Inducing Labor Can Reduce Birth Complications Without Increasing Cesareans
But increases admissions to special care baby units
Research: Outcomes of elective induction of labor compared with expectant management: population based study
Induction of labor beyond 37 weeks of pregnancy can reduce perinatal mortality (death before, during or shortly after birth) without increasing caesarean section rates, finds a study published on bmj.com today.
However, induction is associated with a greater risk of admission to a special care baby unit.
Induction of labor is frequently performed for pregnancies of more than 41 weeks gestation to reduce perinatal mortality. Induction at term (beyond 37 weeks) can also reduce complications, particularly when a mother has existing health problems like high blood pressure.

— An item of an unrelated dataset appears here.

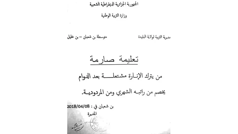 استحدثت مديرة متوسطة في ولاية البليدة طريقة جديدة لإجبار الموظفين على ترشيد الاستهلاك، حيث أصدرت إعلانا تذكر فيه أن “من يترك الإنارة مشتعلة بعد الدوام، يخصم من راتبه الشهري ومن المردودية”، وهو القرار الذي لاقى حفيظة العديد من الموظفين الذين وصفوه بـ“التعسف”، في حين قال آخرون إن “الغاية تبرر الوسيلة”. وخشي البعض الآخر من تكرار سيناريو الصراعات بين الموظفين والمسؤولين المحليين، التي قد تؤدي إلى انسداد وطني، على غرار ما وقع في الولاية نفسها قبل أشهر بين الموظفين التابعين للمجلس الوطني لمستخدمي التدريس ثلاثي الأطوار “الكنابست”، وبين مسؤولين محليين وا...
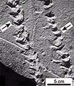 这些化石上的特有纹路像被风吹过的典型沙纹,而不是像海浪冲刷过的那种纹路,这一点对多足纲当时不是栖息在海洋中而是生活在陆地上的说法十分有利。发现最古老史前动物化石的加拿大和英国联合小组成员之一的布里斯托尔大学西蒙·布雷迪博士指出,“毫无疑问,地球上出现动物要比植物早得多。”化石上留下的踪迹彼此相距10厘米(见图1),留下踪迹的动物长有16只至22只脚和尾巴,爬行时脚和尾巴将沙子拖在后面。 < 1 > < 2 >

Yet there has been no large study examining the risks and benefits of induction at term on newborn deaths.
This information is needed to help guide decisions about pregnancy management. So a team of researchers in Scotland compared rates of perinatal mortality and maternal complications after elective induction (induction of labor with no recognized medical indication) and expectant management (continuation of pregnancy to either spontaneous labor or induction or caesarean section at a later date).
Using Scottish birth and death records, they analyzed data for over 1.2 million women with single pregnancies who gave birth after 37 weeks gestation between 1981 and 2007. Outcomes were adjusted for factors such as age at delivery, whether the mother had given birth before, birth weight and deprivation.
At each gestation between 37 and 41 weeks, elective induction of labor was associated with lower death rates compared with expectant management, without increasing the need for a caesarean section. For example, at 40 weeks gestation, deaths occurred in 37 out of 44,764 (0.08%) in the induction group compared with 627 out of 350,643 (0.18%) in the expectant management group.
However, elective induction of labor was associated with increased rates of admission to a special care baby unit (8%) compared with expectant management (7.3%).
This means that for every 1,040 women having elective induction of labor at 40 weeks, one newborn death may be prevented, but this would result in seven more admissions to a special care baby unit, explain the authors.
Although there’s a possibility that some other unmeasured (confounding) factor may explain these results, the authors conclude that elective induction of labor at term “has the potential to reduce perinatal mortality in developed countries without increasing the risk of operative delivery.”